Showing 3 changed files with 251 additions and 33 deletions.
diff --git a/sagemaker/pipeline/README.md b/sagemaker/pipeline/README.md
@@ -0,0 +1,195 @@
+# GraphStorm SageMaker Pipeline
+
+This project provides a set of tools to create and execute SageMaker pipelines for GraphStorm, a library for large-scale graph neural networks. The pipeline automates the process of graph construction, partitioning, training, and inference using Amazon SageMaker.
+
+## Table of Contents
+
+1. [Overview](#overview)
+2. [Prerequisites](#prerequisites)
+3. [Project Structure](#project-structure)
+4. [Installation](#installation)
+5. [Usage](#usage)
+   - [Creating a Pipeline](#creating-a-pipeline)
+   - [Executing a Pipeline](#executing-a-pipeline)
+6. [Pipeline Components](#pipeline-components)

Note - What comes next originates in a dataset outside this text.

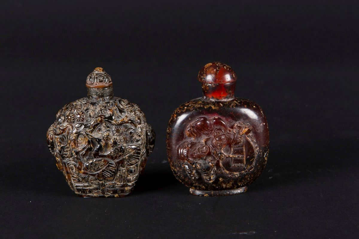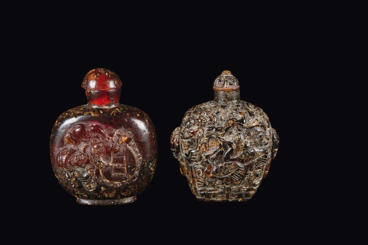 Due snuff bottles in ambra, una con decoro di gru ed una con personaggi a rilievo, Cina, Dinastia Qing, XIX secolo

+7. [Configuration](#configuration)
+8. [Advanced Usage](#advanced-usage)
+9. [Troubleshooting](#troubleshooting)
+
+## Overview
+
+This project simplifies the process of running GraphStorm workflows on Amazon SageMaker. It provides scripts to:
+
+1. Define and create SageMaker pipelines for GraphStorm tasks
+2. Execute these pipelines with customizable parameters
+3. Manage different stages of graph processing, including construction, partitioning, training, and inference
+
+## Prerequisites
+
+- Python 3.8+
+- AWS account with appropriate permissions. See the official
+  [SageMaker AI](https://docs.aws.amazon.com/sagemaker/latest/dg/build-and-manage-access.html) docs
+  for detailed permissions needed to create and run SageMaker Pipelines.
+- Familiarity with SageMaker AI and
+  [SageMaker Pipelines](https://docs.aws.amazon.com/sagemaker/latest/dg/pipelines.html).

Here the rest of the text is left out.